INSTRUCTIONS FOR THE TASK: Could the data below be retyped exactly, without its pictures?

INFORMATION SHOWN:
# # # # # # #
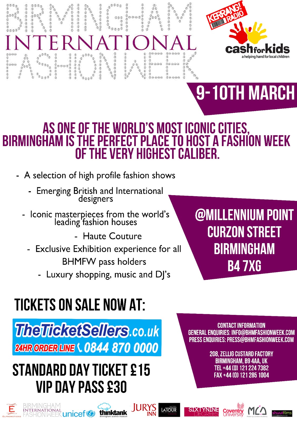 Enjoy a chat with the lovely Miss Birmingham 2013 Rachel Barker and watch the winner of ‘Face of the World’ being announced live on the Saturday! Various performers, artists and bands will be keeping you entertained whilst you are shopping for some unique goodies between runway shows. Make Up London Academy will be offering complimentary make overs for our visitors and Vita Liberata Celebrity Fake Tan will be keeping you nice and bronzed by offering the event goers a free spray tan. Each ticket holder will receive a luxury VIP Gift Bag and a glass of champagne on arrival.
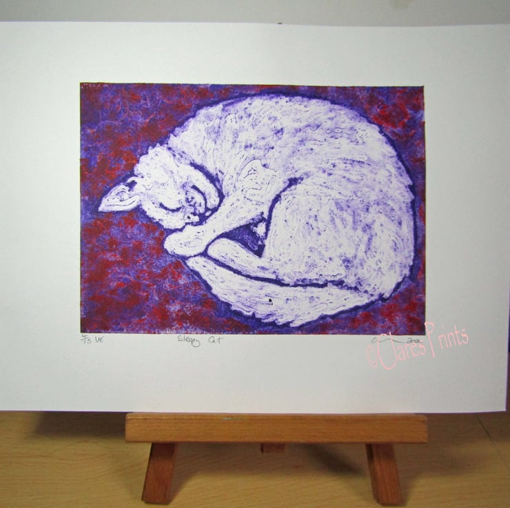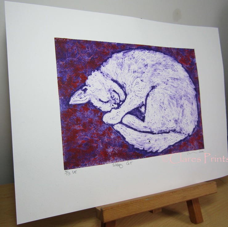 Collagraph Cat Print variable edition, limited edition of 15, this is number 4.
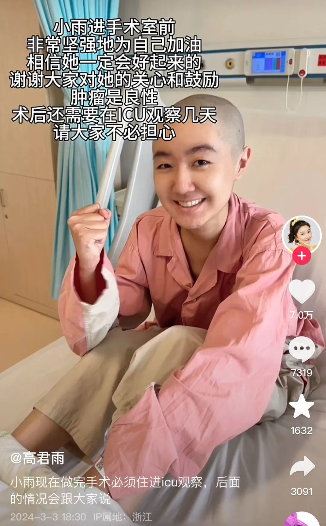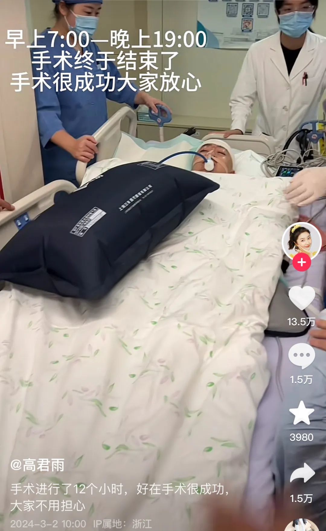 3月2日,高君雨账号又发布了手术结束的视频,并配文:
# # # # # # #
EXPECTED ANSWER:
 Enjoy a chat with the lovely Miss Birmingham 2013 Rachel Barker and watch the winner of ‘Face of the World’ being announced live on the Saturday! Various performers, artists and bands will be keeping you entertained whilst you are shopping for some unique goodies between runway shows. Make Up London Academy will be offering complimentary make overs for our visitors and Vita Liberata Celebrity Fake Tan will be keeping you nice and bronzed by offering the event goers a free spray tan. Each ticket holder will receive a luxury VIP Gift Bag and a glass of champagne on arrival.
 Collagraph Cat Print variable edition, limited edition of 15, this is number 4.
 3月2日,高君雨账号又发布了手术结束的视频,并配文:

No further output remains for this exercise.